Al-Ahdal's sister had recently been married off at age 14, with al-Ahdal soon to be engaged at 12 to be married in the "near future". In the video, al-Ahdal started off by saying "It's true that I ran away from my family. I can't live with them anymore. Enough. I want to go live with my uncle. What about the innocence of childhood? What have the children done wrong? Why do you marry them off like that?" She continued, saying that she would rather die than be married off, citing lost educational opportunities, suicide among young brides and early death. She also talked about her aunt who was married off at age 14, who endured abuse by her much older husband before finally dousing herself in gasoline and setting herself on fire.

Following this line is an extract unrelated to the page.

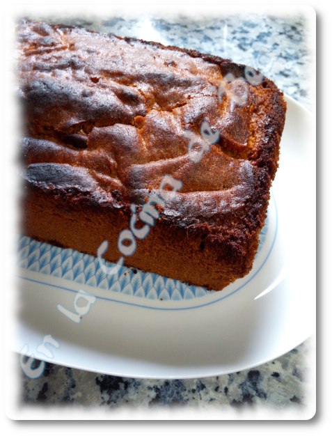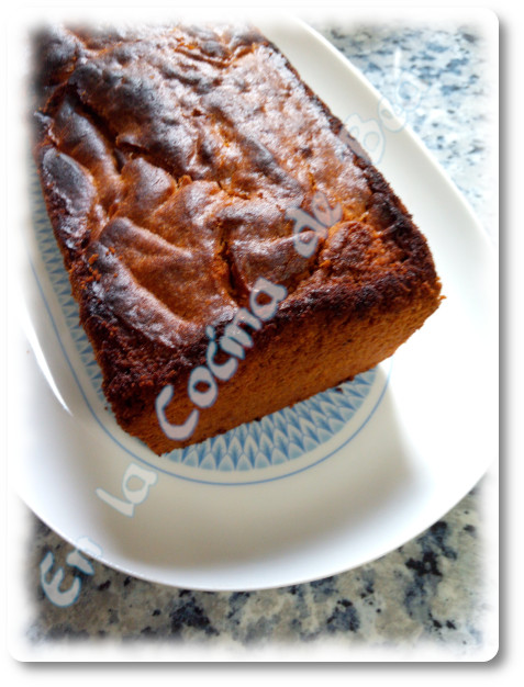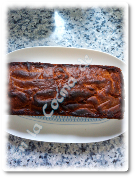 Vertemos la mezcla, damos unos golpecitos al molde para asentar la masa y horneamos unos 40 minutos o hasta que al pincharlo con un palo de brocheta o tester, salga limpio.

Al-Ahdal ran away from home to escape the marriage and was quickly taken in by her uncle, a montage and graphics technician at a TV station.

==Controversy==
Many Middle East media outlets have decried al-Ahdal's claims as fabricated or a deception of Yemeni and Islamic custom. The Yemen Post has accused her of trying to ruin Yemeni and Islamic customs. The Arab magazine The Majalla claims that because of her uncle's media connections, he tried to exploit al-Ahdal by "turn[ing] the young school girl into Yemen’s new Nujood [Ali]" so that they will be able to abolish child marriage in Yemen. Al-Ahdal's parents stated that her claims were fabrications and that the video was scripted by her uncle. However, contrary to what her parents stated, Nada Al-Ahdal said they threatened to honor kill her if she refused the first marriage pact.

==Impact==
Al-Ahdal's claims have raised the discussion of child marriage in international media. Articles from across the globe are often citing the Human Rights Watch's research, which states that Yemen has no minimum age for marriage, and that about half of all women married in Yemen are married off as children. In an article about al-Ahdal, the International Political Forum stated "Some statistics can help put her story in context: According to the United Nations, one out of nine girls in developing countries will be married by age 15, and an estimated 14.2 million girls a year will probably become child brides in the next decade."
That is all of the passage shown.